Ancient Synagogue of Shfar’am

March 22nd 2011

Today, Shfar’am is a predominantly Arab city in the Galilee, populated by 35,000 Muslims, Christian and Druze Arabs. Located in the North District of Israel west of Haifa, there are many theories about how the city of Shfar’am got its name. One theory holds that, until approximately 500 CE, Shfar’am was known as Shofar Am, Hebrew for Horn of a Nation. The Talmud offers evidence that the Jewish Sanhedrin, the highest Jewish court, was once located here.

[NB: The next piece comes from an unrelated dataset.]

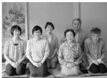
煎茶サークルの皆さん

季節ごとのお茶をいただきながら、礼儀作法を学んでいます。例えば、初春は昆布や梅の入ったおめでたい大福茶、節分には豆茶、ひな祭りにはあら茶。煎茶にも、すすり葉や玉露があり、夏は水で煎れる冷茶、秋には香り高く焙じて熱いお茶をたつぷりと…など、一年を通して美味しいお菓子とともに飽きることがありません。 日ごろの練習の成果として、3月の椿まつりと11月のマナビイフェスタでは文化会館フォルテに茶席を設け、毎年多くの人が足を運んでいます。日々の喧騒から離れた清々しく心豊かなひと時は私たちが快い場所へいざないます。興味のある人はぜひ見学に来てください。
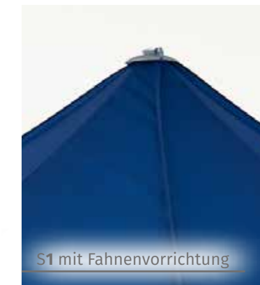
S1 mit Fahnenvorrichtung

Of interest to Jewish tourists is the ancient synagogue of Shfar’am. The synagogue structure is less impressive than its history, which represents both cooperation and the peaceful coexistence of Jews, Muslims and Christians in ancient Shfar’am. The current structure is believed to have been constructed in the mid-18th century during the reign of Daher el-Omar who ruled northern Palestine and founded the city of Haifa. Daher el-Omar permitted Jews to return to Shfar’am to rebuild the synagogue that had existed on this spot in the time of the Sanhedrin. Here, the Jews rebuilt a one-room synagogue.

The synagogue was abandoned again in the 1920s when the last Jewish family left Shfar’am for Haifa. Before leaving, they turned over the keys to the synagogue to the Ja’afari family who still live across the street. Today, tour guides know to call the Ja’afari family to gain entrance to the synagogue. Since there is continuing interest from Jewish tourists visiting the tiny synagogue in the middle of an Arab town, the interior was renovated in 1988. Don’t miss the colorful stained glass window with its central Star of David theme.

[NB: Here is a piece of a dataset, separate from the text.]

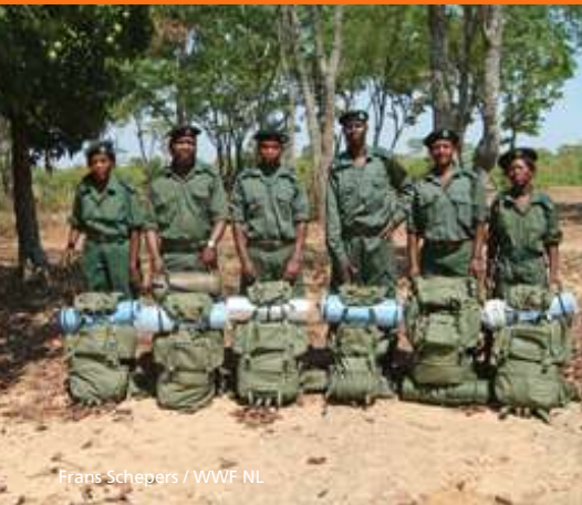
Frans Schepers / WWF NL
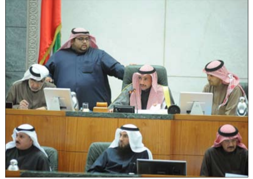
رئيس مجلس الأمة مرزوق الغانم وعبدان عبدالصمد وأنس الصالح على المنصة ويبدو بدر ششتري والأمانة العامة

العالي لديهم حسابات مع «التأمينات». بالنسبة لهيئة التطبيقي، استعانت بالأجانب وأعطوهم رواتب عالية في وقت كانت العقود على 150 ديناراً، ورد الوزير بأن الموضوع معروض على القضاء، لكن الأمر لم يعرض على القضاء ووجهت سؤالاً ملحفاً بشأن قرار الإحالة إلى القضاء ولم يصنني شيء لأنه لم يحل إلى القضاء. مدير عام التطبيقي يعطي الوزير إجابات مغلوطة عن مخالفات التطبيقي، هناك تجاوزات، نشروا

The synagogue is the ideal place to learn about the bravery of Yehuda Bar Abba, the sage from Shfar’am who continued to ordain rabbis, despite being threatened with execution by the Romans for doing so. Shfar’am was also the destination of a group of Spanish Jews who fled the Inquisition in the 16th century and made their homes here.

Also of interest in Shfar’am is an ancient Crusader fort and tombs from the Byzantine era that reflect the presence of a strong Christian community in Shfar’am who lived in peace with the local Jews.